Summary: People living with opioid addiction often report a greater degree of childhood trauma. However, it is still unclear if adverse childhood experience is really a risk factor. The new study shows that those with childhood trauma have altered brain pathways. It means that they are more likely to experience pleasure after a dose of morphine when compared to adults with no childhood trauma. Further, the experimental study found that childhood trauma has no impact on the pain-relieving action of opioids.
In the US, addiction and misuse of legal drugs and related deaths have exceeded the abuse of illicit drugs. Studies show that in 2019 more than 50 000 people died of opioid overdose. What is alarming is that almost one-third of all people prescribed opioids for pain tend to abuse it1.
Nonetheless, two-thirds of people never seem to abuse opioids, even on prolonged use. So, it means that there must be some difference between individuals who abuse and those who do not. It seems that it may have to do something with adverse experiences during childhood.
These findings highlight the importance of targeted opioid addiction treatment strategies that address both the physical and psychological factors contributing to addiction, especially for those with a history of childhood adversity.
Numerous studies have shown that even minor childhood trauma may alter the brain’s responses to various stressors. For example, children who received less attention during childhood are at greater risk of developing anxiety during adulthood. In addition, during early trauma, the brain responds quite differently to stressors for the rest of life2.
Earlier studies have shown that those addicted to drugs are more likely to be individuals with childhood maltreatment or abuse. In addition, many studies compared individuals addicted to various substances to healthy adults. Most studies show the presence of greater severity of childhood trauma in those addicted to substances3.
The new experiment provides strong evidence that childhood trauma may alter responses to opioids
This study differs in the way that it was carried out in 52 healthy adults. None of them was addicted to opioids.
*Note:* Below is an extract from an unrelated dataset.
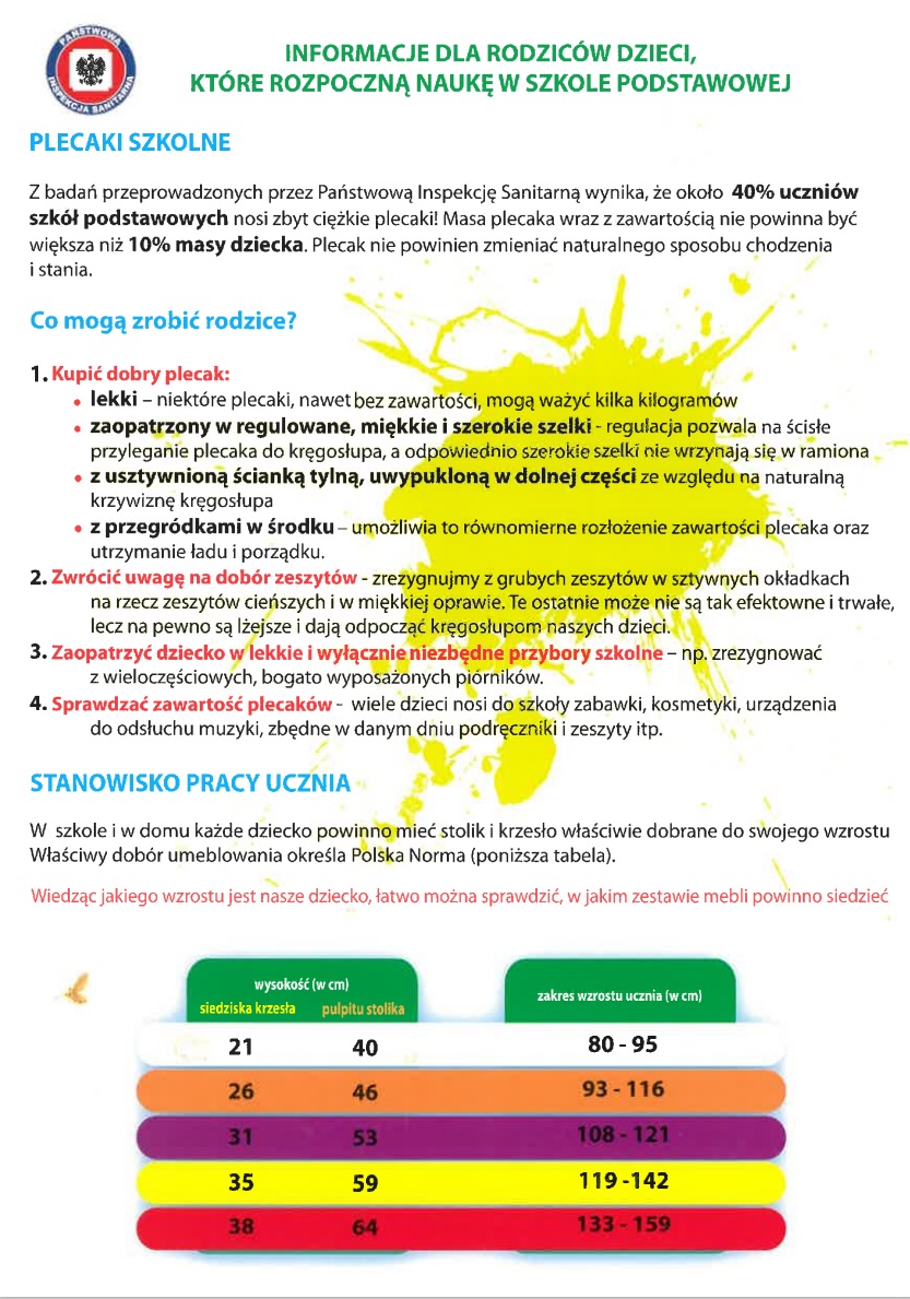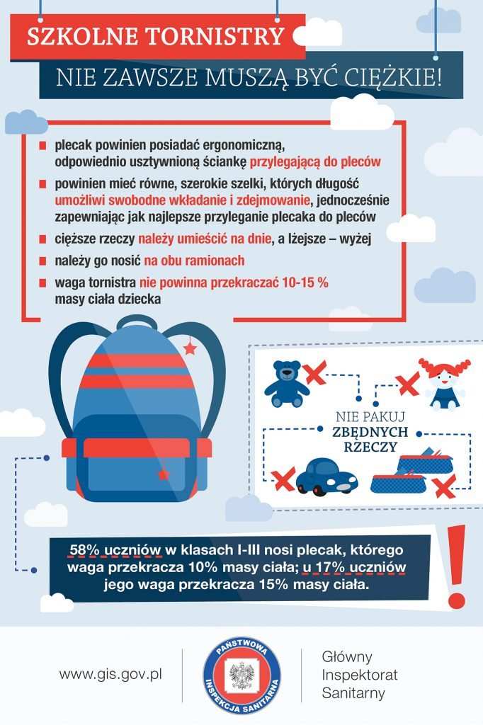 Zgodnie z zaleceniami Głównego Inspektora Sanitarnego waga plecaka nie powinna przekraczać 10-15 proc. masy ciała ucznia.

Researchers divided them into two groups. The first group consisted of 27 individuals with a history of severe childhood trauma. The second group consisted of 25 individuals with no childhood trauma4.
In the experiment, both the groups were given an injection of morphine. Then researchers used a well-known scale to measure the feeling of high or pleasure each one got from morphine injection. To the researcher’s surprise, individuals with childhood trauma had a much greater liking for morphine compared to those who did not have any childhood trauma. Not only that, morphine was more likely to cause nausea and dizziness in those without childhood trauma.
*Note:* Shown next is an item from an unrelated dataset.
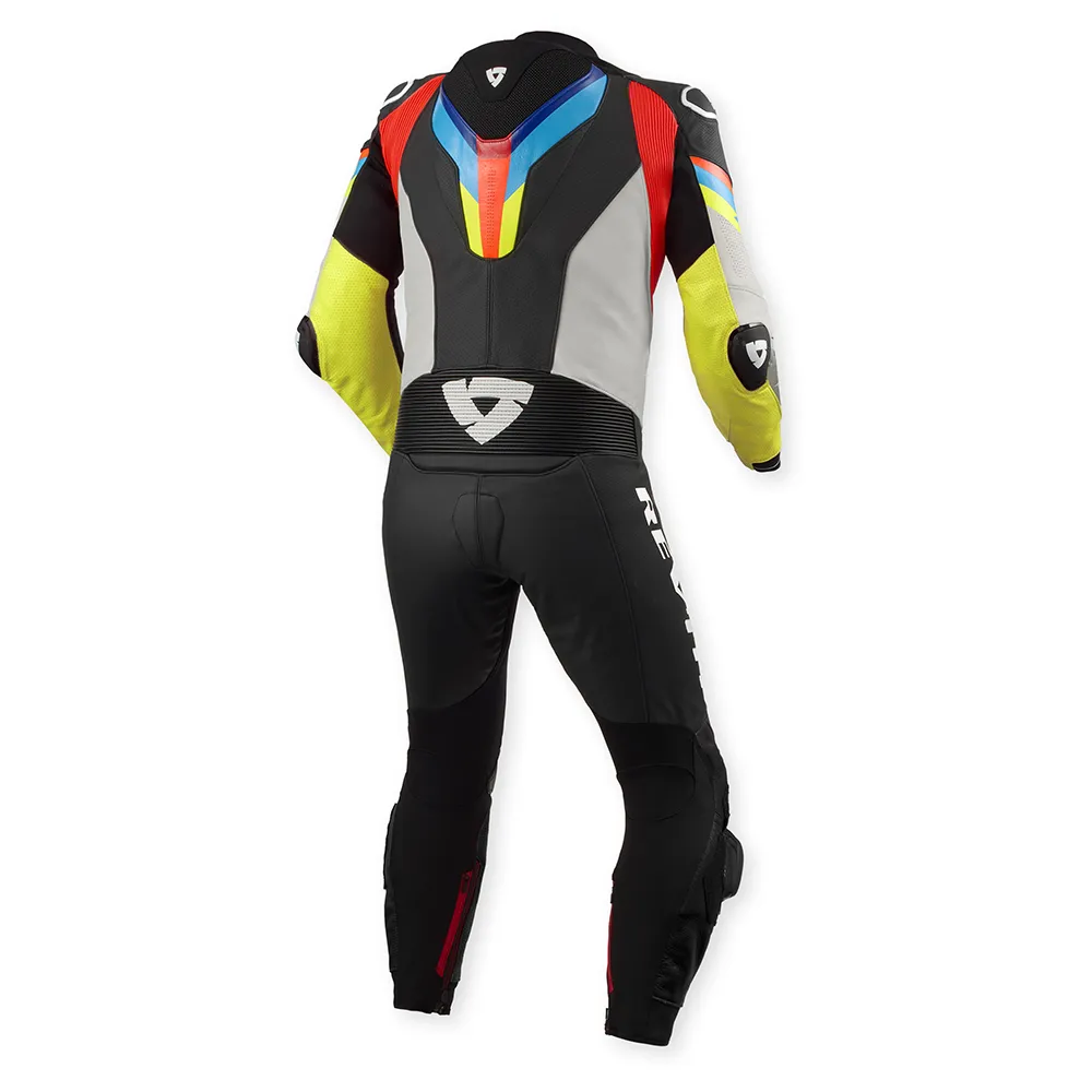 Experimenta la máxima expresión del estilo deportivo con el mono de una pieza REVIT Quantum 3. Sus atrevidos gráficos de ´glitch´ digital inspirados en los 80 y sus llamativos colores hacen una declaración en la pista o en la calle. Este mono con clasificación AAA combina piel de vacuno Monaco, tejidos elásticos y malla de aire 3D para un ajuste de alto rendimiento que se mueve contigo. Con armadura exterior aerodinámica, protectores internos Betac® y compatibilidad con el airbag Tech-Air®, el Quantum 3 está diseñado para la velocidad, la seguridad y un estilo que destaca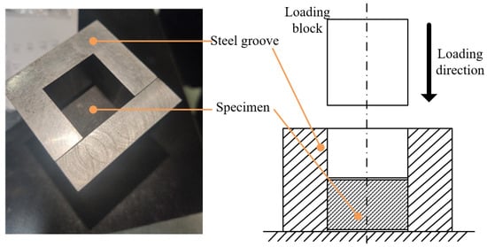 However, measuring the basic mechanical properties of porous materials cannot describe their failure behavior under multiaxial loading conditions. Therefore, multiaxial loading failure criteria must be established to solve this problem, which requires the multiaxial loading test of CCF. Gibson et al. [] and Kolluri et al. [] used the passive confining pressure (PC) test, as shown in Figure 3, to perform multiaxial loading on other foams and obtain valid data. The specimen coated with lubricating oil was set in a steel groove with an interference fit whose magnitude was 0.05 mm. The groove needed to be heated above 70 °C before assembly. The specimen was compressed by the loading block after cooling. The wall thickness of the steel groove should be large enough to ensure that the transverse strain of the specimen is approximately equal to 0 during the test so that the constraining force of the steel groove on the specimen can be solved according to the constitutive equation. Then, the stress in all directions can be obtained when the CCF fails under multiaxial loading. This test method is simple and reliable, so we conducted a PC test in all three directions on CCF.

This study shows that childhood trauma results in changes in the brain, which alters a person’s response towards opioids. Those with painful childhood are more likely to enjoy the euphoric effect of opioids.
Researchers think this difference could be due to changes caused in the endogenous opioid system by the early trauma. This system is also sensitive to natural endorphins (hormones of happiness) and natural opioids. However, in those with childhood trauma, this pathway is less sensitive. Thus, high-dose morphine causes pleasure but not side effects.
On the contrary, the endogenous opioid system is highly sensitive to endorphins and natural opioids in those with a happy childhood. Thus, they are not able to tolerate high doses of opioids like morphine well.
Interestingly enough, it seems that childhood trauma only alters the high or experience of pleasure. However, it does not have any impact on the pain-relieving properties of morphine.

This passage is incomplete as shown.